- [DATA SHOWN]

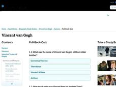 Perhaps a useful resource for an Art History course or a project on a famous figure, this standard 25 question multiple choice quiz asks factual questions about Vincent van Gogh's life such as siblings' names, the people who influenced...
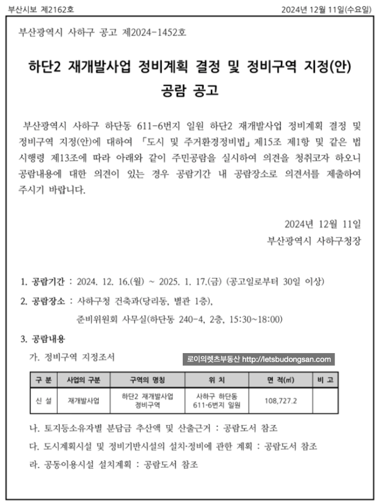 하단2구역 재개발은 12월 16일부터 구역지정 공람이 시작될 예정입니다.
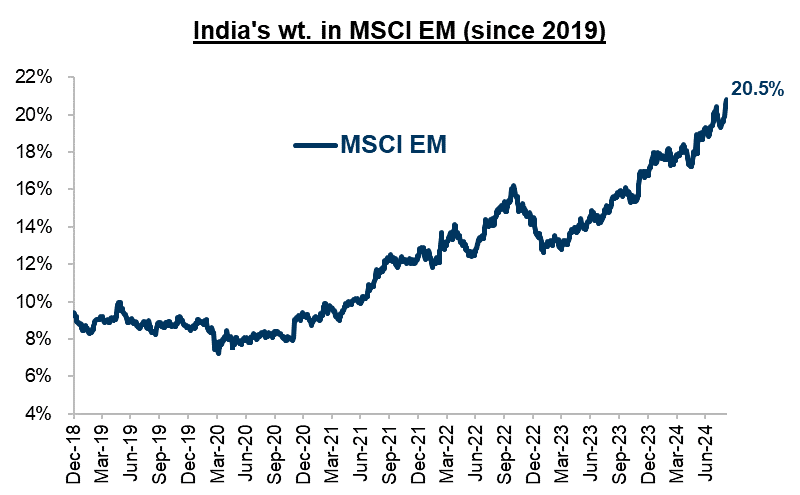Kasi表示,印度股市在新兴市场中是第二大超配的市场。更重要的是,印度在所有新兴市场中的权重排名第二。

- [EXERCISE OBJECTIVE]
Word for word, repeat the lines of data above, omitting every picture.

- [RESULT OF THE TASK]
 Perhaps a useful resource for an Art History course or a project on a famous figure, this standard 25 question multiple choice quiz asks factual questions about Vincent van Gogh's life such as siblings' names, the people who influenced...
 하단2구역 재개발은 12월 16일부터 구역지정 공람이 시작될 예정입니다.
Kasi表示,印度股市在新兴市场中是第二大超配的市场。更重要的是,印度在所有新兴市场中的权重排名第二。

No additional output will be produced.